Justice League, Zack Snyder’s 2017 adaptation of the widely-known comic book superhero team, and the fifth film in the contentious “DC Extended Universe”, is that daunting midterm essay from college you want to wash your hands of the second it’s complete. You know the one: the paper you pulled an all-nighter on at the eleventh hour at the realization that what you had been writing prior might be an utter train wreck, so you ended up frantically rewriting the damn thing to make the deadline and because you just wanted to get that shit done. Something like that.
This is a travesty of a movie. I’m not even sure Justice League qualifies as a “movie”, what with its shoddy visual effects, green-screen-laden cinematography, and a narrative suggesting more than a few puzzle pieces were missing. Hell, “video game cutscene” would be more appropriate, prominently in regards villain Steppenwolf, a CG abomination who looks like he teleported straight from a PS3 game, and portrayed through motion capture by Ciarán Hinds, who tries but can do nothing with a thoroughly generic character. Though Hinds can at least take solace in getting paid-after all, something good had to come out of Justice League, a film which wears it’s troubled production on its sleeve. This isn’t a Rogue One situation, where that film’s reshoots blended seamlessly with the already shot footage. No, Justice League (finished in post-production by Joss Whedon) is Fantastic Four-level bad, both films sharing an actor (Kate Mara there, Ben Affleck here) sporting a jarringly different hairstyle in certain scenes contrary to their consistent ones. And even Fantastic Four didn’t have the temerity to include two separate hairstyle shots in the same scene. I will cease to further discuss the reshoots, except to maybe add that bloated Ben Affleck clearly wishes he were anywhere else. You will feel the same way.

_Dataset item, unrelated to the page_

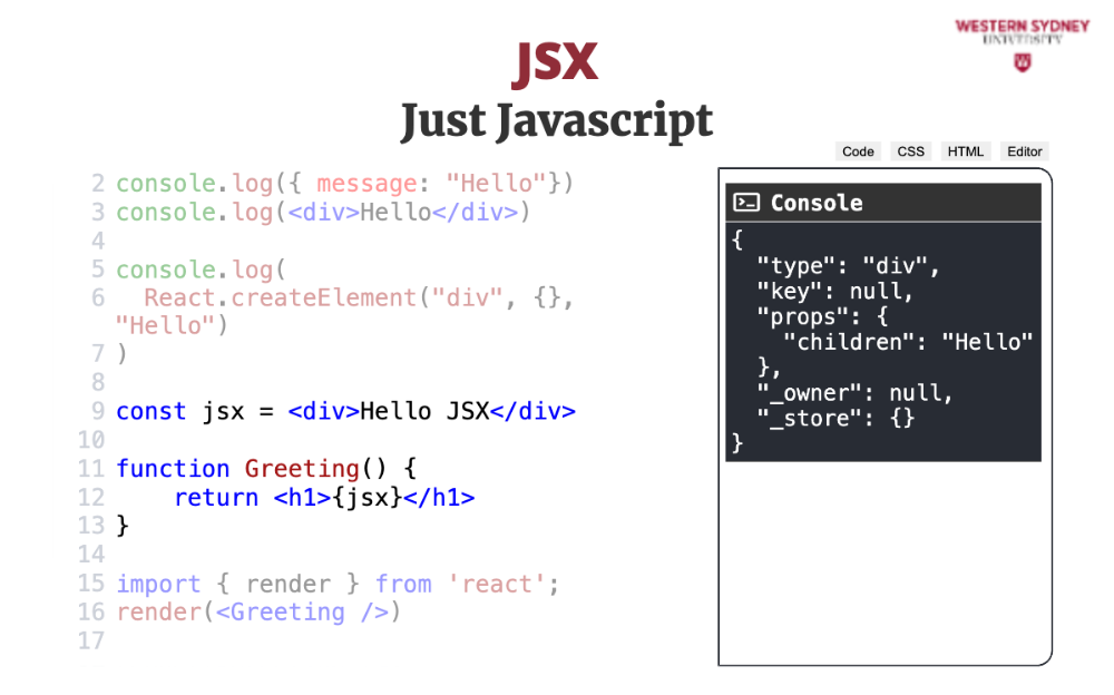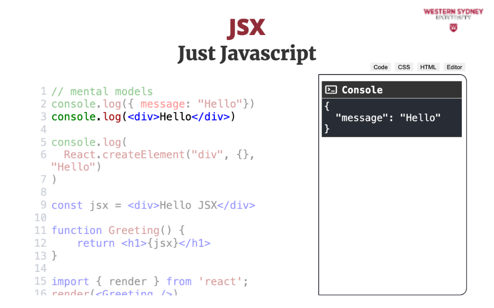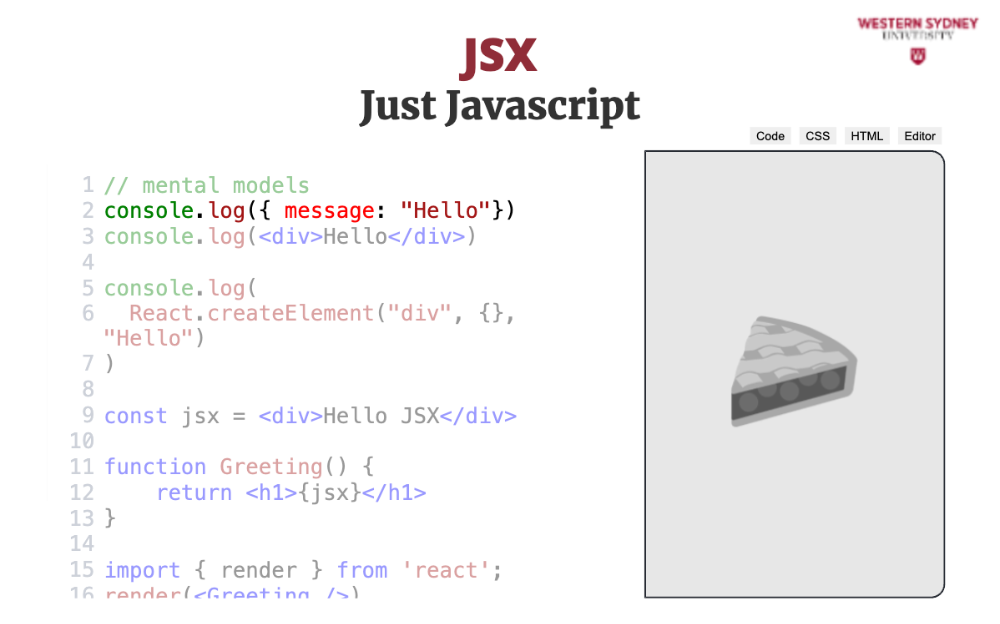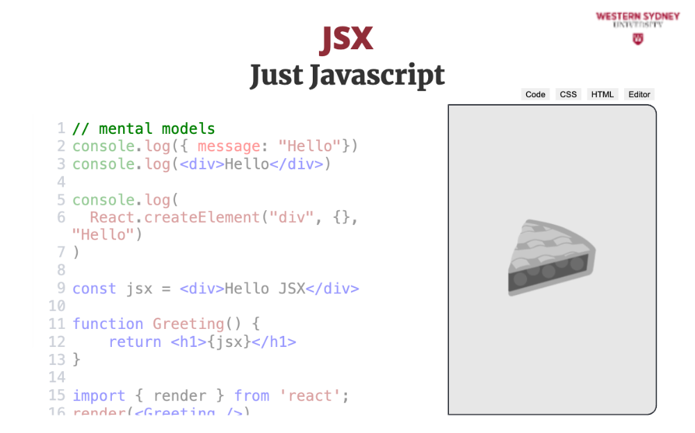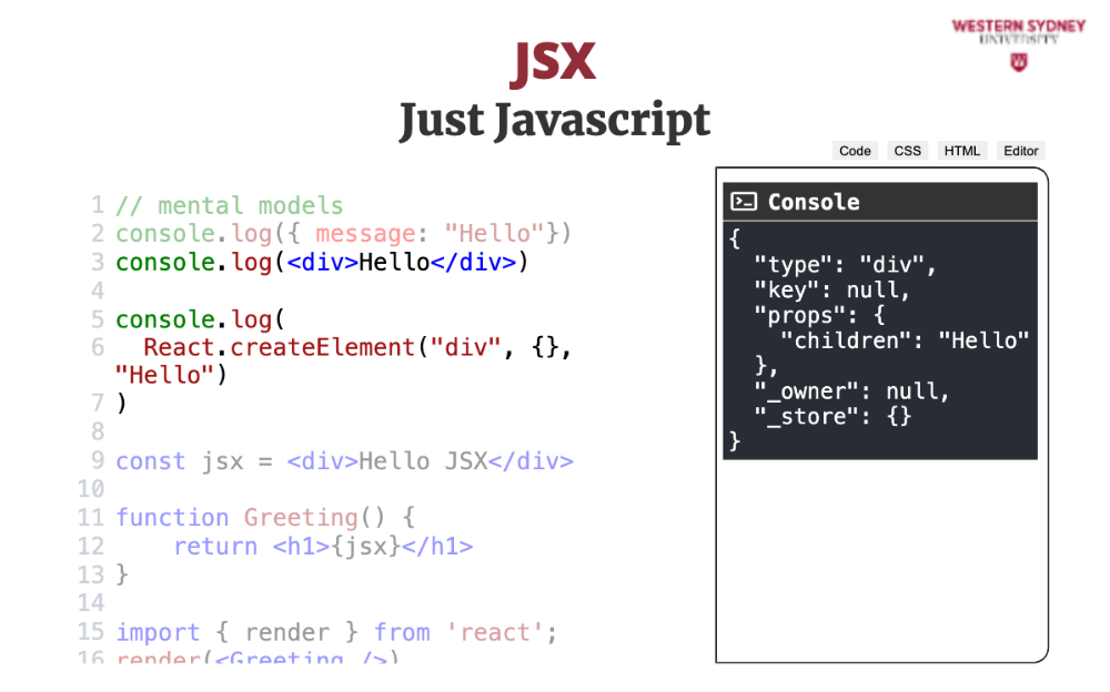 Let's explore the mental model behind JSX. The most important thing to realise is that JSX is not HTML. It is Javascript.

As if the reshoots and visuals weren’t awful enough, Justice League has the privilege of being saddled with possibly the most generic plot for its genre: an alien invasion. You see, the aforementioned Steppenwolf, for reasons rather vague and undefined, not like the audience would have any investment anyway, decides now is the opportune moment for chaos and conquering, so he arrives on Earth with the help of three “Mother Boxes” (energy-pulsing cubes that will induce recollections of Whedon’s Avengers and it's own MacGuffin cube) and his flying monkeys-sorry, I forgot they’re called “Parademons”, that’s how derivative Justice League is. Naturally, the only thing that can stop Steppenwolf is a motley crew of superpowered individuals, led by non-superpowered Bruce “Batman” Wayne (Affleck, considerably better-served in Batman V Superman, where he wasn’t forced to spout groan-worthy one-liners). The team, consisting of Amazonian Diana “Wonder Woman” Prince (Gal Gadot, given a substantially less interesting character arc here than in last summer’s wonderful Wonder Woman), speedster Barry “The Flash” Allen (Ezra Miller, delivering the brunt of the script’s banal attempts at humor), half-man/half-Atlantean Arthur “Aquaman” Curry (Jason Momoa, very much relying on “surfer bro” charisma and contributing very little), and half-man/half-machine Victor “Cyborg” Stone (Ray Fisher, giving easily the most interesting performance in a role requiring him to predominantly interact with technology), feels less like a Justice League and more like...well, anything but that. Five essentially “human” members does not a Justice League make (bit of comic book trivia: the original League consisted of seven members with diverse backgrounds), and the film literally stops dead in its tracks to emphasize how incompetent they really are.
At this point, a reader with even the most rudimentary knowledge of the Justice League is probably why the hell Superman hasn’t even been mentioned yet, him being the face of the team and all...in the comics. Here he’s lying in a coffin. The controversial handling of Clark “Superman” Kent (Henry Cavill and some horrendous CGI) in the DCEU may not have originated with Justice League, but it certainly taints it. Superman’s sacrifice at the end of Batman V Superman was a decision that all but ensured that the first cinematic incarnation of the Justice League would not only feel incomplete, but not even a “true” Justice League film at all-more the finale of a Superman trilogy (Man of Steel being the first) in which the Big Blue Boy Scout comes back to life (obviously) and just makes the team feel so redundant in a way that screams, especially in the last frame of the movie, “Yeah! That’s what it’s really about!!!”. As opposed to, y’know, a whole group of individuals each utilizing their skills in equal capacity and serving a purpose. Like a real Justice League. Reality is, what should have been a glorious event equivalent to the reception of The Avengers back in 2012 is nothing more than dust in the wind. Justice League is a mess from top to bottom, and everyone involved should be embarrassed in even having it on their résumé. There’s a line towards the end of the film in which a certain character clumsily affirms that he believes in truth, and is also a big fan of justice. If there were any justice in the world, Justice League would have been aborted in its crib.